__WHAT THIS TASK INVOLVES__: Begin at the line containing "TV Bar White" in the entries below and end at the line containing "共青团西安市委、西安市营商办"; transcribe that range exactly and nothing outside it.

__GIVEN DATA__:
|---|
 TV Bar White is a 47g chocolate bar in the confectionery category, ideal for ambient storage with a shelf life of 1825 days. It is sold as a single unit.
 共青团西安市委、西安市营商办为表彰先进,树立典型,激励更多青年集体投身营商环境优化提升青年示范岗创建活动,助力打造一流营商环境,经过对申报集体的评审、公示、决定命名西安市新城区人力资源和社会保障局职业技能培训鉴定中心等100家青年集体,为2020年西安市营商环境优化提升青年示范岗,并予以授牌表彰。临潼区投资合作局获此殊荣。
|---|
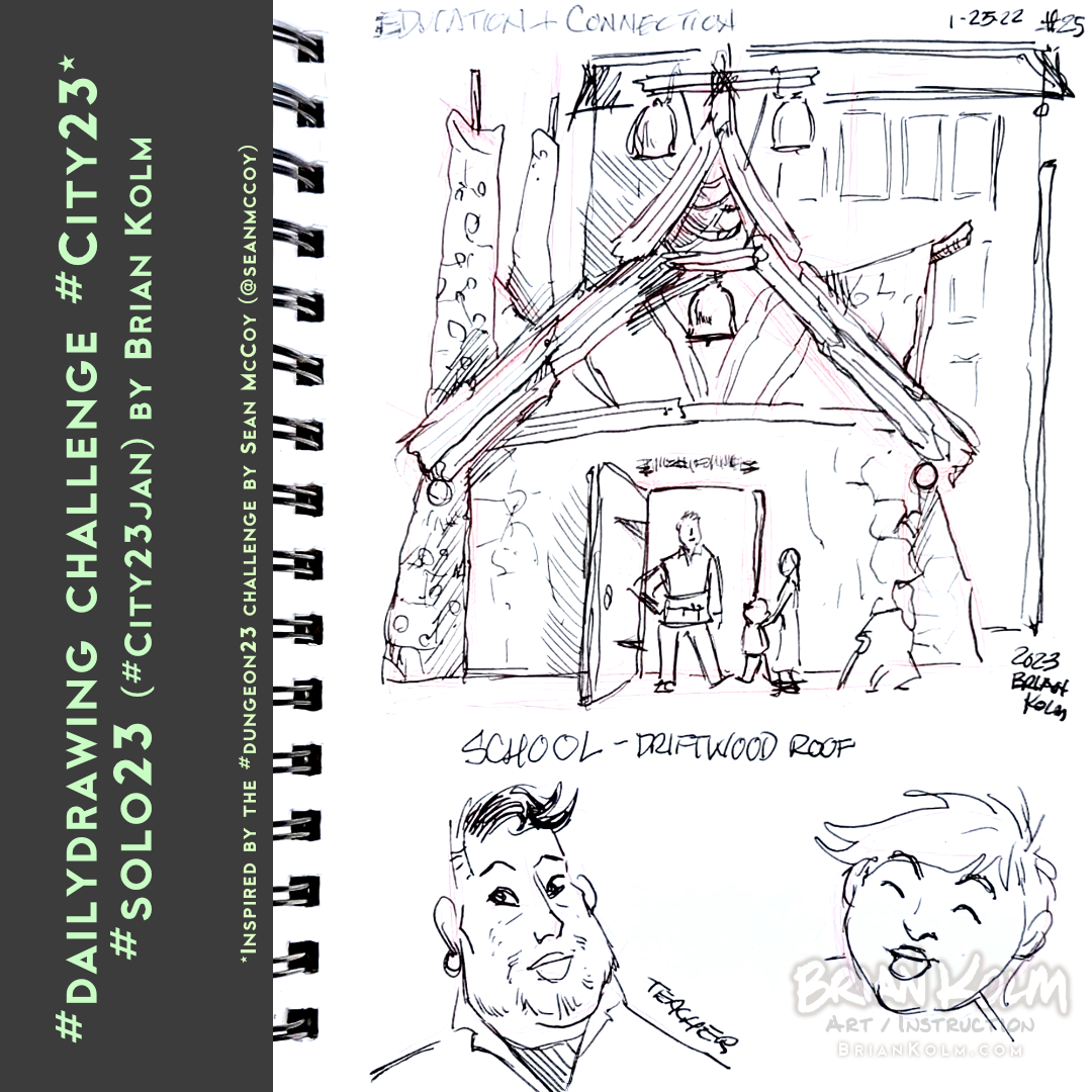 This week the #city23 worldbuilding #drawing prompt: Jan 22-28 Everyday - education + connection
|---|
__EXERCISE SOLUTION__:
 TV Bar White is a 47g chocolate bar in the confectionery category, ideal for ambient storage with a shelf life of 1825 days. It is sold as a single unit.
 共青团西安市委、西安市营商办为表彰先进,树立典型,激励更多青年集体投身营商环境优化提升青年示范岗创建活动,助力打造一流营商环境,经过对申报集体的评审、公示、决定命名西安市新城区人力资源和社会保障局职业技能培训鉴定中心等100家青年集体,为2020年西安市营商环境优化提升青年示范岗,并予以授牌表彰。临潼区投资合作局获此殊荣。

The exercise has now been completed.